A UN-supervised process aims to unite the country after an October ceasefire between the two rival administrations.
But according to the UN, some 20,000 mercenaries and foreign fighters were still in Libya in early December, and a January 23 deadline for their withdrawal passed without any sign of them pulling them out. Some have literally dug in. In January, satellite images broadcast by CNN show a trench running tens of kilometres (miles) dug by mercenaries near the front-line city of Sirte. An advance team of a UN observer mission arrived in Libya last week tasked with monitoring the ceasefire and verifying the departure of the thousands of foreign fighters.
Dbeibah, who submitted his proposed government to parliament for approval last week, pleaded for deputies to vote in favour of it. “We have no choice but to come to an agreement, for the future of our children,” Dbeibah said, to the applause of parliament.
Dbeibah was selected in February at UN-sponsored talks, attended by a cross section of Libyans, to steer the country towards December 24 elections. The process has been marred by allegations of vote-buying, but the interim premier defended the composition of his proposed government. “My first objective was to choose people with whom I would be able to work, no matter where they come from,” Dbeibah said.
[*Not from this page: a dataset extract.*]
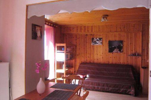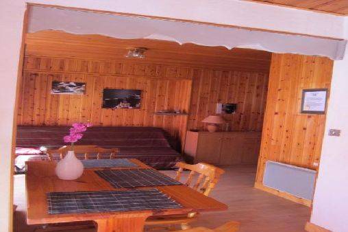 Un appartement de style montagnard avec une chambre individuelle et trois couchages, un coin séjour avec un couchage pour deux personnes, service hôtelier gratuit (lits fait à votre arrivée); un grand balcon exposé sud ouest, situé au 1er étage. La garderie pour les enfants se trouve en face de l'appartement ainsi que le départ des navettes.

The members of his government “must be able to work for all Libyans in all of Libya, not just for their region or their city”, he insisted. Over 130 of a total 188 lawmakers began meeting on Monday in Sirte, Gaddafi’s hometown, to debate the proposed cabinet. The Mediterranean port city lies halfway between Tripoli, where the western government is based, and the east, where parliament has sat in recent years and which is home to a rival administration.
The United Nations Support Mission in Libya, or UNSMIL, called the meeting “historic” and praised the convening of a “reunified session after many years of divisions and paralysis”. Dbeibah, 61, a billionaire businessman from the western town of Misrata, was selected alongside an interim three-member presidency council to head the new unity administration.
Libya’s prime minister-designate Abdul Hamid Dbeibah addresses lawmakers during the first reunited parliamentarian session, in the coastal city of Sirte east of the capital, yesterday.